In trust administration, FBO is an acronym that means “for the benefit of.” A trust with FBO in the title simply means that the trust is for the benefit of a named beneficiary. As a matter of standard industry practice, trusts that have FBO in the title are irrevocable trusts with beneficiaries who cannot change.
Locate the trust tax identification number. If the trust has not been assigned a tax identification number, complete the online application on the IRS website to obtain a new number. An irrevocable trust is a taxpayer with a unique taxpayer identification number.
Obtain a copy of the Form 1041 instructions from the IRS website.
Obtain a copy of tax return Form 1041 from the IRS website.
Collect all statements, IRS Form 1099s and all pertinent tax information from trust investment income. This will include dividends, interest, real estate rental income and partnership income, along with any and all sources of income the irrevocable trust earned during the previous tax year. The tax information from all sources totals into a whole, which completes the income earned portion of the Form 1041.
Review the trust transactions for allowable deductions. As a taxpayer, an irrevocable trust is entitled to certain deductions to reduce the tax payable by the trust. Items such as investment management expenses, trustee fee expenses, lawyer fees for the trust and real estate expenses are all allowable tax deductions. The Internal Revenue Code also allows deductions for certain types of charitable expenses, if the trust makes gifts or distributions to charity.
Complete the return with the income and deduction information. Ensure that IRS instructions are followed exactly as written.
Mail tax information form Schedule K-1 (Form 1041) to the trust beneficiaries.
Electronically file the return, if possible. The IRS requires electronic filing of tax return Form 1041, unless there are extenuating circumstances.
Completing a Form 1041 is a complicated process, as the form and instructions for completion are long and cumbersome. A trustee without experience in tax law and preparation would be wise to outsource preparation of Form 1041 to a tax professional. Trust tax laws are constantly changing, and a tax professional will have the most current software to complete and file the return.

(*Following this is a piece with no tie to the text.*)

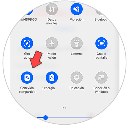 Desde el menú superior del teléfono, también puedes activar o desactivar el punto de red compartida o acceder a estas opciones pulsando sobre su opción.
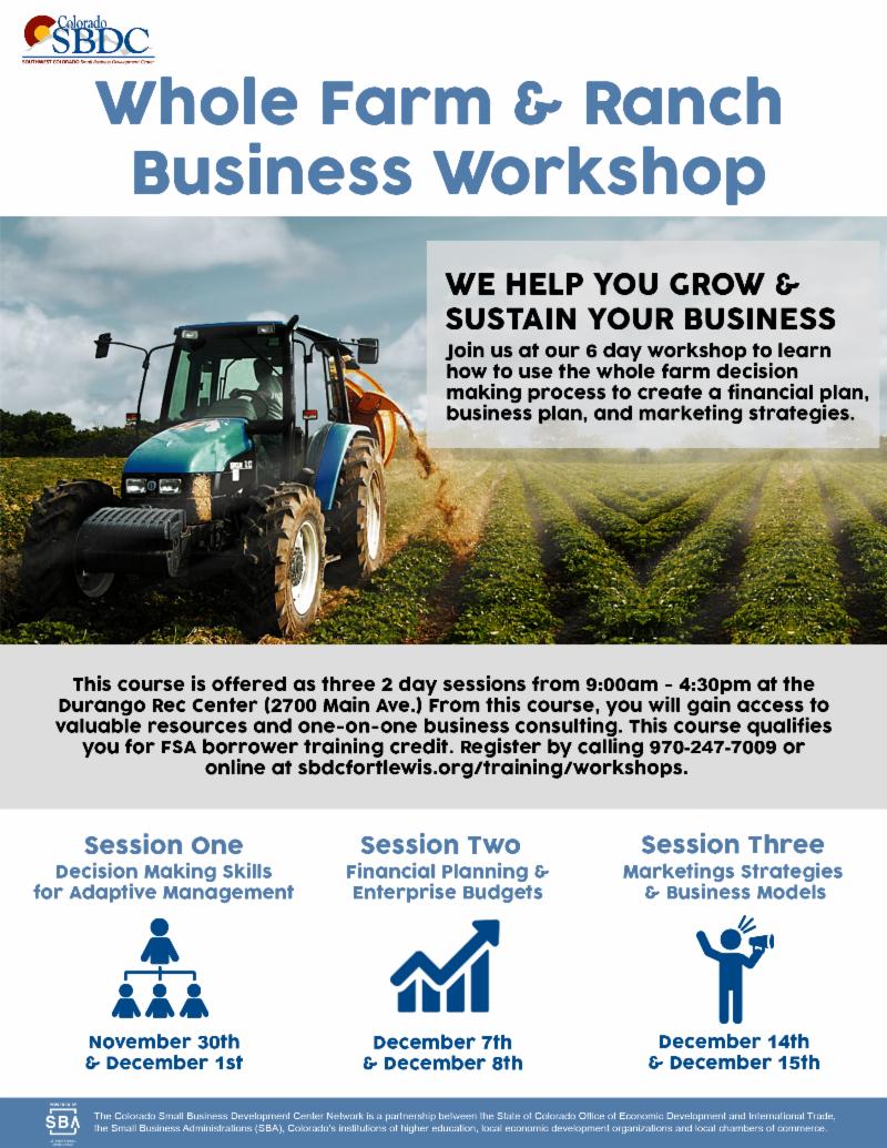 The SBDC, in conjunction with Whole New Concepts, will be offering an intensive business planning and strategy series called "Whole Farm and Ranch Business Series" beginning in late November in Durango. See below for more details. Scholarships will be available to agriculture businesses for this class. All businesses are welcome as curriculum can be modified for non-agriculture businesses.

When the trust completes its tax return Form 1041, IRS Schedule K-1 generates to beneficiaries who have received money or assets from the trust. The beneficiaries, in turn, use the Schedule K-1 to file any personal federal and state income tax that may be due. Since the beneficiaries cannot file personal income tax returns until the trust return is completed, it is critical to complete Form 1041 as soon as possible. Beneficiaries tend to get very upset if they do not receive timely tax forms from a trust.